Обоз с приговоренными в молчании взрезал толпу. Та покорно раздавалась в стороны, а после вновь смыкалась, влеклась следом.
– Двое всего!
– А тебе сколь надо?
Сани встали у помоста, конные нагайками отбивали напиравших. Сторожевой десятник о чем-то переговаривал с нагнувшимся катом. Кивнув, красный колпак сел на плаху, вынул из пазухи яблоко и стал грызть. На привезенных для казни даже не взглянул.
Где-то в толпе вскрикнула баба, осуетила люд вокруг себя. Понеслось по головам:
– Рожает!
– На сносях притащилась, дурная баба…
– Мужик ейный куда смотрел?
Кто ругался, кто посмеивался. Иные гадали – к добру, к худу ли примета, чтоб женка на казни рожала?
Наконец успокоилось. Стали передавать, что ждут самого великого князя с митрополитом. Спорили: не князя, а набольших бояр, которые перед князем виноваты вышли, что колдовство загодя не выявили и заговор не разглядели. Вот великий их и послал на казнь любоваться, к самим себе примеривать.
К помосту пробился некий поп, с престольным крестом в руке сунулся к саням. Его не отгоняли. Лежавший на соломе служилец, поломанный пытками, жадно потянулся к кресту.
– Кайся, раб Божий, кайся. – Поп плакал и тряс жидкой бородой. – Очистишься в муках.

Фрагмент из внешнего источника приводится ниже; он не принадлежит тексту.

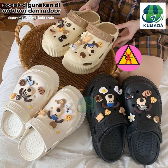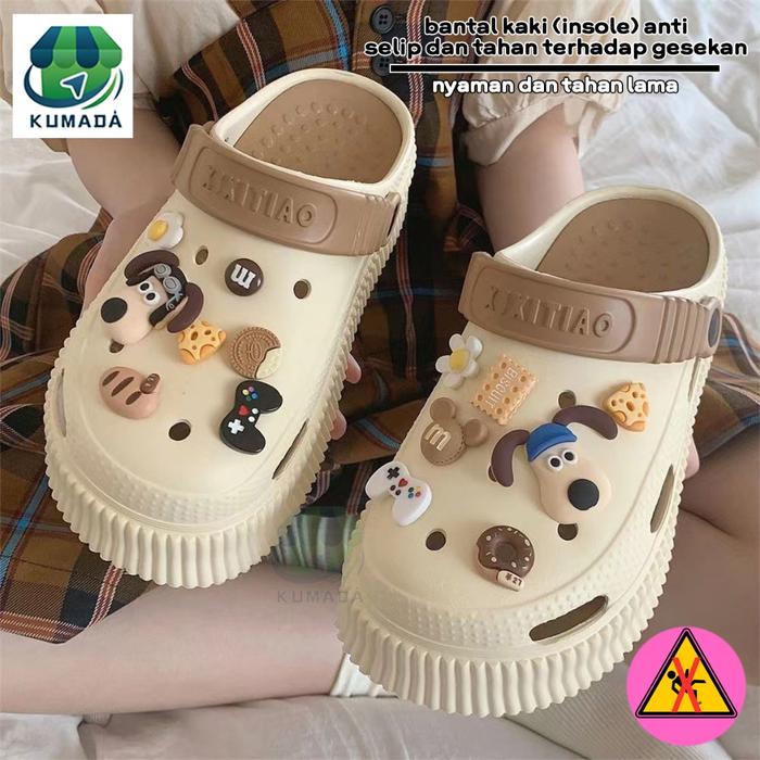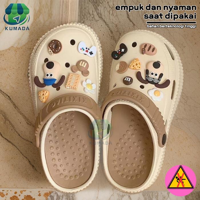 Terlaris Kumada Sandal Wanita Sendal Slop Sendal Karet Empuk Anti Slip Cewek - Putih+AKS10 36/37 Elegan

Служилец, укрытый бараньей полстью, хрипло дышал и вращал красными глазами. Почерневшими от крови, разбухшими пальцами показывал на другие сани, силился сказать, с натугой ворочая языком.
– Ее… лу…
Поп, утирая слезы, переместился ко вторым саням. Простоволосая женка в накинутом поверх тулупе сидела, сжав ладонями голову, и смотрела безумно. Иерей приложил крест ей ко лбу. Вздрогнув от касания холодного металла, уставившись на попа, она в ужасе прянула, замахала руками.
– Изыди! Изыди!..
Один из конных успокоил ее ударом плети. Повалившись лицом в сено, женка затихла. Только плечи и спина содрогались.
Вскоре дождались. От Фроловских ворот к лобному месту двигалось конное шествие. Со свитой бояр, в окружении дворцовых служильцев ехала великая княгиня Софья Витовтовна, без князя и митрополита. Нелюбимая всей Москвой литвинка завела в стольном граде обычай – садилась на коня верхом, в особое бабье седло на одну сторону. Никто из московских баб, ни боярских женок, ни иных, этим поганством не соблазнился. Но те, кто бывал на Украйнах, в Литовской Руси, рассказывали, будто тамошние панны и даже девки не то что в бабьих седлах, но и в мужских лихо управляются с конями. Это, впрочем, не умаляло неприязни московского люда к литвинке. Скорей напротив.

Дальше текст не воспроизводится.